Patellar tendon rupture in children is especially rare. The fact that the area of traumatic rupture has wide variations makes surgical treatment difficult. We present an 11-year-old boy with acute traumatic patellar tendon rupture at the tibial tuberosity attachment without avulsion fracture. Primary end-to-end repair and reinforcement using 1.5 mm stainless steel wires as a surgical strategy were undertaken.
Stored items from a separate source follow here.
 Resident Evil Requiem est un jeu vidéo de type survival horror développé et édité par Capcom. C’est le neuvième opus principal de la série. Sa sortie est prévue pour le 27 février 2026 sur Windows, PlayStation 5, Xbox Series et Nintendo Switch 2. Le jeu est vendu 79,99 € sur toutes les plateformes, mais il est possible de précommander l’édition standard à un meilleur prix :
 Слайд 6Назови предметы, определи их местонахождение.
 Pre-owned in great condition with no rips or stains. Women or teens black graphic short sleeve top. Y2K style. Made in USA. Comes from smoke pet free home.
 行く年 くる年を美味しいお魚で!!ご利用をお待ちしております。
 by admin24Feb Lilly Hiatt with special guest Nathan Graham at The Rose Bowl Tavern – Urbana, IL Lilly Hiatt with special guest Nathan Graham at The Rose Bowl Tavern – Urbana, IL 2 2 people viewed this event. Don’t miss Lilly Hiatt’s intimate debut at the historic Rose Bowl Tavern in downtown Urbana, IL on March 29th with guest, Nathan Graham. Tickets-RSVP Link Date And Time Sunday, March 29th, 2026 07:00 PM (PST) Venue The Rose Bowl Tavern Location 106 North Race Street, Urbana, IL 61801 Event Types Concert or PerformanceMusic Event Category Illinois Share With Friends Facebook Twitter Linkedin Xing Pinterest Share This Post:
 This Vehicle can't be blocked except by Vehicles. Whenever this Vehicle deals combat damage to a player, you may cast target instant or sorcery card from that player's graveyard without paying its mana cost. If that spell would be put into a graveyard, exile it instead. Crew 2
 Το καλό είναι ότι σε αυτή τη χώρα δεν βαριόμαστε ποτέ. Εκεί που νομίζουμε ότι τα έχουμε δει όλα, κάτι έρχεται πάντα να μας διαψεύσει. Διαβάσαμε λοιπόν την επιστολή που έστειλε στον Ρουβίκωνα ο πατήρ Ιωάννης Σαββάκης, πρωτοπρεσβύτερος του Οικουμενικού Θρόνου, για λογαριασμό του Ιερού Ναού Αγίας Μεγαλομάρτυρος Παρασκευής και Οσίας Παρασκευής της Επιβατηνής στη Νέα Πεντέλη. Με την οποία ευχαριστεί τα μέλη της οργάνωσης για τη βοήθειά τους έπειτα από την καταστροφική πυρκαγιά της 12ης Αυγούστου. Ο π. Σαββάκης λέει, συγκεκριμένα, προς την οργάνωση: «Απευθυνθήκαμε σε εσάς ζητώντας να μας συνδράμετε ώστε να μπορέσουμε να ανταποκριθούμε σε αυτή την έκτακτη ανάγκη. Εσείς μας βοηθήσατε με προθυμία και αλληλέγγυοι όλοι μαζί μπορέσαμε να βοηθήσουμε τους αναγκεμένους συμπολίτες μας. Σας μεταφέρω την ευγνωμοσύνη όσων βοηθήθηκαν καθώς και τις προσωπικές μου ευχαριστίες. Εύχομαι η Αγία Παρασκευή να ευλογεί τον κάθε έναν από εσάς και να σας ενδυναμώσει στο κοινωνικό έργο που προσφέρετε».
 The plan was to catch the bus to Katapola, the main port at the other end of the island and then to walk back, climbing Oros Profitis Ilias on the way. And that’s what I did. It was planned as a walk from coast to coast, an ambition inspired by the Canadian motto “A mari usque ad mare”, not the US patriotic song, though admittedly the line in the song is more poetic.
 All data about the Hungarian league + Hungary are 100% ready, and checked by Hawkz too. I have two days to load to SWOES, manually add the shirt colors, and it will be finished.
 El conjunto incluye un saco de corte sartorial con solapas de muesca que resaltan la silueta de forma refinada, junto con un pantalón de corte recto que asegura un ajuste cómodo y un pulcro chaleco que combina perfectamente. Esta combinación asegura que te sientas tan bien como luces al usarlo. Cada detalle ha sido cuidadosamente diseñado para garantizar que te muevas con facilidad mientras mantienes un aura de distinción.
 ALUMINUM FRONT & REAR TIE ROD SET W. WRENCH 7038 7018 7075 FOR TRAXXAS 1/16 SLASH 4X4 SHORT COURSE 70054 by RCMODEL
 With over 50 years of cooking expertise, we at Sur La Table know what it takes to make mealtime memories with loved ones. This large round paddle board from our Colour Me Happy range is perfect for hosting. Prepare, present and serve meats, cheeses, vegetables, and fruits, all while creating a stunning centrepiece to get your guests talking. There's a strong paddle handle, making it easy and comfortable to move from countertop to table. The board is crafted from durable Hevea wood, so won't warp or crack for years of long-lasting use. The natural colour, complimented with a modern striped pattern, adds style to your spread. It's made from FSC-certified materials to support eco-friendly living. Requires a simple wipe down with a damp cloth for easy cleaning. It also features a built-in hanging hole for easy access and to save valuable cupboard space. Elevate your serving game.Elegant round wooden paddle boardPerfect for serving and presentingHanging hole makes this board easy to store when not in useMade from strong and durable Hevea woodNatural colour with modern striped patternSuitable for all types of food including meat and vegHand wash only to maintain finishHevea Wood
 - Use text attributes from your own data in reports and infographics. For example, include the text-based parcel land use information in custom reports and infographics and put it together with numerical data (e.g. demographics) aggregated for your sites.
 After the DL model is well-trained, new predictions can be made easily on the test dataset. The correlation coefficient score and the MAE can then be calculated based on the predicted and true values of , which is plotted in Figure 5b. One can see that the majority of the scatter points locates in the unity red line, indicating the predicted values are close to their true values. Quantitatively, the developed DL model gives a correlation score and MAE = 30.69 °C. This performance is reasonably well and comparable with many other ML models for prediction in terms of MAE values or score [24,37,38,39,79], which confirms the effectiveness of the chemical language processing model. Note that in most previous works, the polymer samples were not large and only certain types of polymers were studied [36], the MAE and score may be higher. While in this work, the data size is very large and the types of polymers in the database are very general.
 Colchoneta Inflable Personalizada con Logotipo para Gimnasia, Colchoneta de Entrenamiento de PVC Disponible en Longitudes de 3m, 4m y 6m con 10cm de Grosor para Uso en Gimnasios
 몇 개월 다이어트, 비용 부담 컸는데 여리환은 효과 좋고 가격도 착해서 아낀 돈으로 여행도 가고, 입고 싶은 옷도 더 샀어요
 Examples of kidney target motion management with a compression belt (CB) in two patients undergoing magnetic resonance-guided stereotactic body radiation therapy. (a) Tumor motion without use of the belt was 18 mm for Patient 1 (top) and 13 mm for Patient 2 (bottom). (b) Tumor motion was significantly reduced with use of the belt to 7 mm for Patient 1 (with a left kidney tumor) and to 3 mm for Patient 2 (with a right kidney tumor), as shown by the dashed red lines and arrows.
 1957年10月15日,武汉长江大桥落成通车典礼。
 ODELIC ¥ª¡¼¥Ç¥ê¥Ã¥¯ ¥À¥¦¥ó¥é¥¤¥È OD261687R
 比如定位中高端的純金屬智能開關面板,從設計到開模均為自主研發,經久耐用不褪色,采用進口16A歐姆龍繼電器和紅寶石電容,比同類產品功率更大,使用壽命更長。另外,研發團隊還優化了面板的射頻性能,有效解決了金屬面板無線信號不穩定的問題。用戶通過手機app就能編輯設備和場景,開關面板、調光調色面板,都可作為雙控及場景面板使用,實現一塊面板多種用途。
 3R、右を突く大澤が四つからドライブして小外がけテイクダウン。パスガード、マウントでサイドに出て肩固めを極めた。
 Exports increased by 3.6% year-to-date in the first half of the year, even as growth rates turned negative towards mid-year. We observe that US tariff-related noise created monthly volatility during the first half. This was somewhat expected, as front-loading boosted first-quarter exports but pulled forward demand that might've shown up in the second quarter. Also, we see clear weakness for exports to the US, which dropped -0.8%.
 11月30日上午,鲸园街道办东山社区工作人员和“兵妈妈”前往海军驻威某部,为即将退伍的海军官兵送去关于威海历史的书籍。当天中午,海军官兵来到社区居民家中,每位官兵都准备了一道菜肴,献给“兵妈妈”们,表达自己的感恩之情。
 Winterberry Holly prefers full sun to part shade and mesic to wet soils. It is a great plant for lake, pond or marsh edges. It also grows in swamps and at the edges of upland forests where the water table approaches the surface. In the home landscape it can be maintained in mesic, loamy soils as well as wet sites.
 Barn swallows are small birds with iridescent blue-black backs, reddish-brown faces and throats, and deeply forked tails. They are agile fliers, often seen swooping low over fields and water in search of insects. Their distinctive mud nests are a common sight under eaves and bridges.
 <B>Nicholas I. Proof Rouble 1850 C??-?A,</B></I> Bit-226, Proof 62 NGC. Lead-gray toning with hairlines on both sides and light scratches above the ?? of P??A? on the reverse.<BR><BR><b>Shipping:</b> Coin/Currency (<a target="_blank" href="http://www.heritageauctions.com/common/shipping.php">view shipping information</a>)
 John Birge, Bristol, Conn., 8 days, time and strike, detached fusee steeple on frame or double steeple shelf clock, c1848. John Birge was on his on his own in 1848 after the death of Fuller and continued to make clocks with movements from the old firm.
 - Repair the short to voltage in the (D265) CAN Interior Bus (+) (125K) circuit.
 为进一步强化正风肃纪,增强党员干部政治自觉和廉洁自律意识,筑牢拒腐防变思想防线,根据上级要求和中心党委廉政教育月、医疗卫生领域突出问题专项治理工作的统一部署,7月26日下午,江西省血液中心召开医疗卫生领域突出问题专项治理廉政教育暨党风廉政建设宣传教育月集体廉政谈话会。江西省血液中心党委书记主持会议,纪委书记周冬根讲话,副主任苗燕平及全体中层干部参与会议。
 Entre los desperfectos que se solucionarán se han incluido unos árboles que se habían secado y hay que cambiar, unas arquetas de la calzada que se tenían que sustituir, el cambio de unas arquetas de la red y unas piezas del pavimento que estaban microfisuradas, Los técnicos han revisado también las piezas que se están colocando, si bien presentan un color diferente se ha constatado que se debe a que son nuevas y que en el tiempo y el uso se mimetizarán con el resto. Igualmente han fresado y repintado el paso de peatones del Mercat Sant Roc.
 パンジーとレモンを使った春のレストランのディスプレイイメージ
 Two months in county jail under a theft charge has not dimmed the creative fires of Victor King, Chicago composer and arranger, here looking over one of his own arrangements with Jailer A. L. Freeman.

Early range of motion began with a functional knee brace and the reinforced stainless wire was removed 3 months after surgery. Knee function at the final follow-up was satisfactory. We suggest that this strategy may provide a useful option for surgical treatment.

1. Introduction

Although trauma around the knee joint is common and the extent of injury can vary widely in adolescents, quadriceps or patellar tendon tears are rare, occurring only about one-sixth as often as patellar fractures [1]. Patellar tendon ruptures are even rarer in childhood [2]. It generally is accepted that a healthy patellar tendon will not rupture without trauma. Previous reports show that ruptures can occur from the proximal end as a sleeve fracture of the patella to the distal end as an avulsion fracture of the tibial tuberosity [3-5]. These variations make surgical treatment difficult.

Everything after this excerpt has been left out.